At first glance, says Taberner, some of Driver's works can appear, "like haphazard, casual arrangements. But everything is determined and looked at very carefully. He's an artist with a great eye. With an acute visual awareness."
Born in Hastings in 1930, the young Driver developed that eye early. As a child he carved horses from wood; at age 12 he had a fascination with making ships in bottles. His father, the manager of an insurance company, was "not unsupportive" of his son's early ambition to become an artist but tuition was scarce. The Driver family had moved to New Plymouth at the end of 1943. Driver went to New Plymouth Boys High School but the art teacher was away at the war.
When Joyce and Don Driver met he was working, not very happily, as a dental technician. It was though, he laughs now, "really a form of sculpture." He and Joyce married in 1958. She is a teacher and musician. Their daughter, Justine, is an optometrist (another way of seeing, she agrees.)
At home in New Plymouth, Driver either goes every morning, seven days a week, to his workshop or is out and about casting his alchemist's eye for the "found" pieces which will become pieces of art. Sometimes he doesn't have to look too far: Background, a new work in the Artis show, is painted on an animal skin which had been lying on the floor of the family home for 30 years.
That story is illustrative of how Driver's eye works. He will alight on the familiar - he picks up a cardboard coffee cup holder and peers through it; he lifts a blind in the gallery to see what lurks behind it - and consider it anew.
To the art audience's eye, Driver's work post-stroke changed from the harder-edged formalist work to the looser hanging works like Produce. It was assumed that Driver's reduced motor skills had resulted in an apparent change in direction. But as Joyce Driver and Taberner note, Driver never one to repeat himself, had started to make the wall hangings 12 months before the stroke. Joyce Driver says that "people thought that his new way of seeing was a result of his stroke, actually it was on its way."
Along the way, Driver's career has had its controversies.
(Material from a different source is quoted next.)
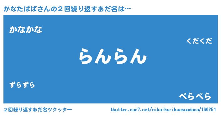 | 胡散臭い通販商品みたいなあだ名 | 『必ず成功するブレスレット…その名も「かなたぱぱ」』 |
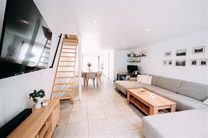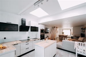 Dès l'entrée, vous serez séduit par un vaste espace de vie baigné de lumière naturelle, où le séjour s'ouvre harmonieusement sur une cuisine équipée contemporaine, alliant confort et convivialité.

In 1967 a sculpture, The Magician, was removed from the New Plymouth War Memorial Library Gallery by the gallery's director: "to save a serious artist the humiliating experience of having to remove his own work from a public place."
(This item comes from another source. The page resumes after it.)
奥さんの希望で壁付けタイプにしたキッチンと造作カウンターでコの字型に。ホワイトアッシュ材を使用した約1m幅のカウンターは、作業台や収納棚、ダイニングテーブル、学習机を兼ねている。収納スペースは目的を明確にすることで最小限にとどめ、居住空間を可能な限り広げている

The piece, a shop mannequin with a watering can for a head and a phonograph mounted at waist level, was the topic of enraged letters to the editor of the local paper.
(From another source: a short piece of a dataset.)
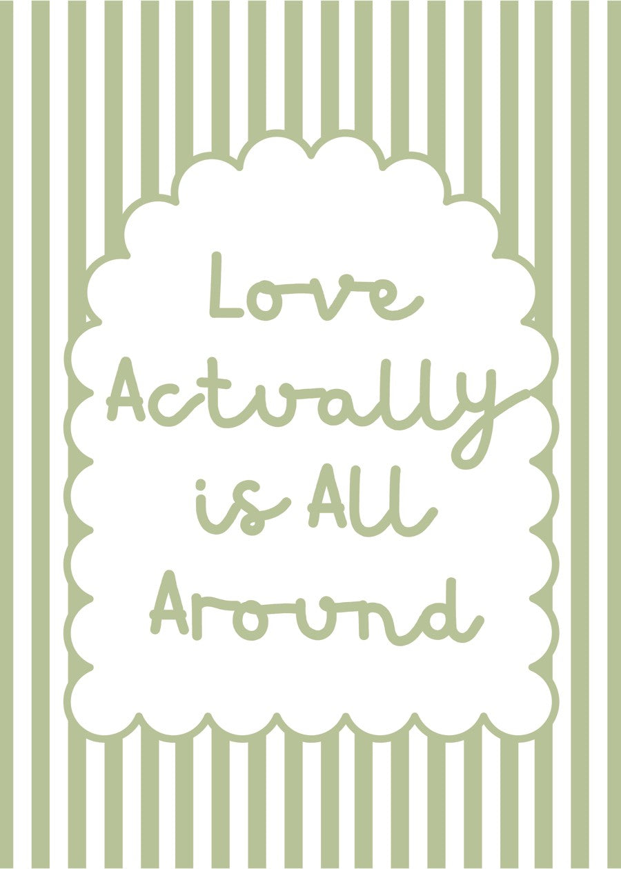 Bring a touch of romance and warmth into your space with this Love Actually Is All Around Print in soothing sage green tones.

Ritual, the piece which so captures the artist's attention 18 years after it was made, saw gallery visitors issued with an assurance when it was first displayed at the National Art Gallery that "... the work has no black magic or sinister overtones." A gallery guard, however, decided that the piece affronted public sensibilities. Every morning the work was found to have been interfered with. The guard had been pulling down the dolls' dresses so as to hide the perceived rude bits.
"Oh, it doesn't matter," he says of any past controversy, "I have friends and foes."
Many more friends than foes, you'd hazard. It doesn't seem too far-fetched to imagine that when Driver takes your hand in greeting, you draw energy from having met a major New Zealand artist who also happens to be a very nice man.
* With Spirit is at the New Gallery until May 14; Symbols and Signs is at Artis Gallery until April 16.